» **TASK STATEMENT**: All records are to be transcribed in full; any pictures among them are to be skipped.

» **SUPPLIED ENTRIES**:
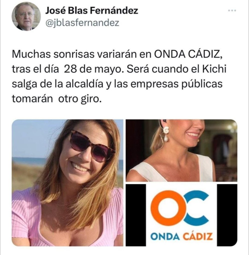Sin quererlo ni mucho menos Mirian Peralta se ha convertido en la protagonista de la semana tras los lamentables twitts que José Blas Fernández, ex concejal popular que fue durante la época de Teófila Martínez ha hecho esta misma semana. «Muchas sonrisas variarán en ONDA CÁDIZ tras el día 28 de mayo. Será cuando el Kichi salga de la alcaldía y las empresas públicas tomarán otro giro» decía junto a dos imágenes de la periodista y el logotipo antiguo de Onda Cádiz provocando un aluvión de reacciones. ¿Qué le pasa a Pepe Blas? Pues nada nuevo. El que fuese teniente alcalde del Gobierno de Teófila no es la primera vez que muestra su poco estilo en las redes. De hecho su cuenta está llena de alusiones al actual alcalde y equipo de gobierno en unas formas que dejan bastante que desear.
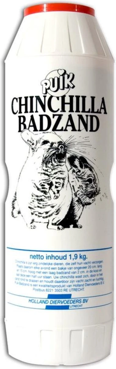 Chinchilla’s zijn erg zindelijke dieren, die zelf hun vacht verzorgen. Plaats daarom elke avond een bakje van ongeveer 20 cm lang en 15 cm hoog met een laag badzand van 2 cm in de kooi en laat dit een half uur staan. Jouw Chinchilla wast zich, door in het zand te draaien en houdt daardoor zijn vacht zacht en luchtig. De bus is voorzien van een strooidop voor optimaal gebruiksgemak. Puik badzand is geschikt voor chinchilla’s, degu’s, hamsters en gerbils.
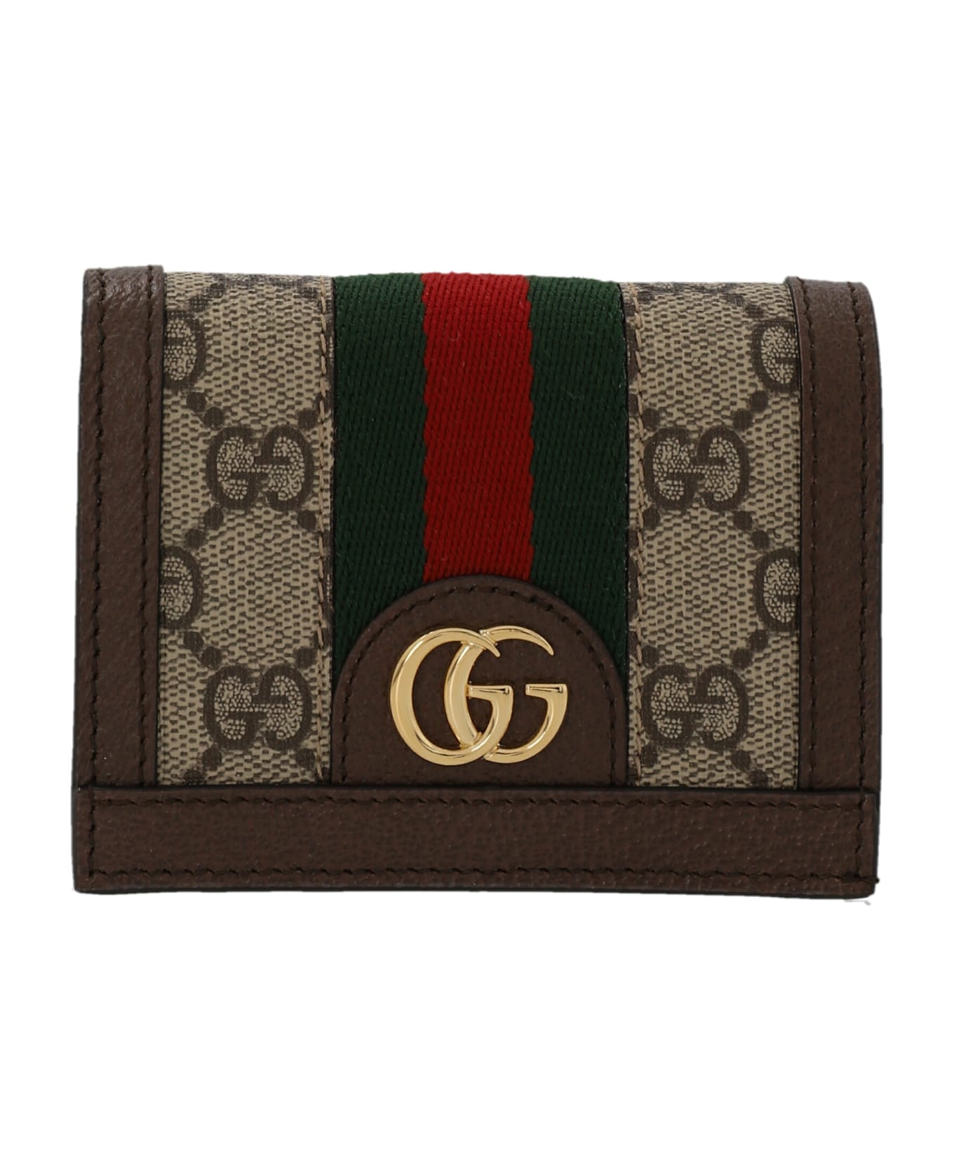 'Ophidia' wallet in beige and ebony GG Supreme fabric, a material with a reduced environmental impact, featuring brown leather trimming, antiqued gold hardware, green and red web, a double G, five card slots, a compartment for banknotes, an inner zipped pocket, and a snap button closure. Introduced for the first time in the 1970s, the GG pattern evolves from the original Gucci diamond motif of the 1930s and is now a hallmark of the Maison.
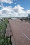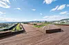 takareal med terrasse og løpebane, blått tak og plantekasser hvor det dyrkes
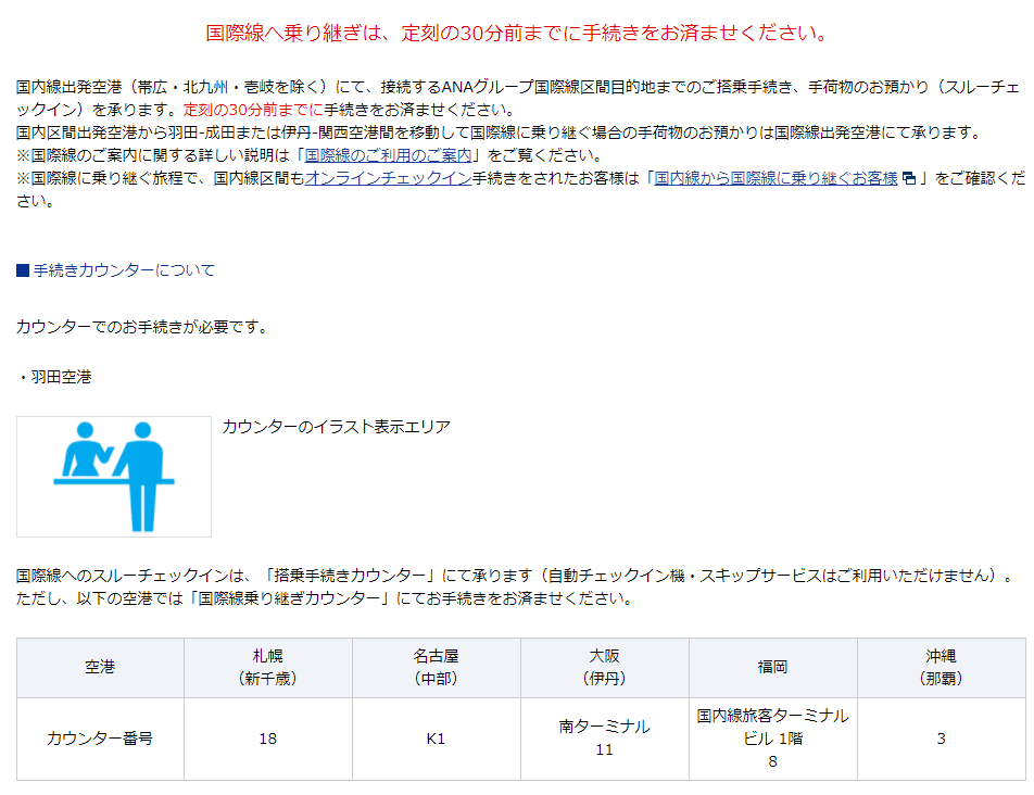 ・ 国際線乗り継ぎ手続きは定刻の30分前までに必要

» **EXERCISE ANSWER**:
Sin quererlo ni mucho menos Mirian Peralta se ha convertido en la protagonista de la semana tras los lamentables twitts que José Blas Fernández, ex concejal popular que fue durante la época de Teófila Martínez ha hecho esta misma semana. «Muchas sonrisas variarán en ONDA CÁDIZ tras el día 28 de mayo. Será cuando el Kichi salga de la alcaldía y las empresas públicas tomarán otro giro» decía junto a dos imágenes de la periodista y el logotipo antiguo de Onda Cádiz provocando un aluvión de reacciones. ¿Qué le pasa a Pepe Blas? Pues nada nuevo. El que fuese teniente alcalde del Gobierno de Teófila no es la primera vez que muestra su poco estilo en las redes. De hecho su cuenta está llena de alusiones al actual alcalde y equipo de gobierno en unas formas que dejan bastante que desear.
 Chinchilla’s zijn erg zindelijke dieren, die zelf hun vacht verzorgen. Plaats daarom elke avond een bakje van ongeveer 20 cm lang en 15 cm hoog met een laag badzand van 2 cm in de kooi en laat dit een half uur staan. Jouw Chinchilla wast zich, door in het zand te draaien en houdt daardoor zijn vacht zacht en luchtig. De bus is voorzien van een strooidop voor optimaal gebruiksgemak. Puik badzand is geschikt voor chinchilla’s, degu’s, hamsters en gerbils.
 'Ophidia' wallet in beige and ebony GG Supreme fabric, a material with a reduced environmental impact, featuring brown leather trimming, antiqued gold hardware, green and red web, a double G, five card slots, a compartment for banknotes, an inner zipped pocket, and a snap button closure. Introduced for the first time in the 1970s, the GG pattern evolves from the original Gucci diamond motif of the 1930s and is now a hallmark of the Maison.
 takareal med terrasse og løpebane, blått tak og plantekasser hvor det dyrkes
 ・ 国際線乗り継ぎ手続きは定刻の30分前までに必要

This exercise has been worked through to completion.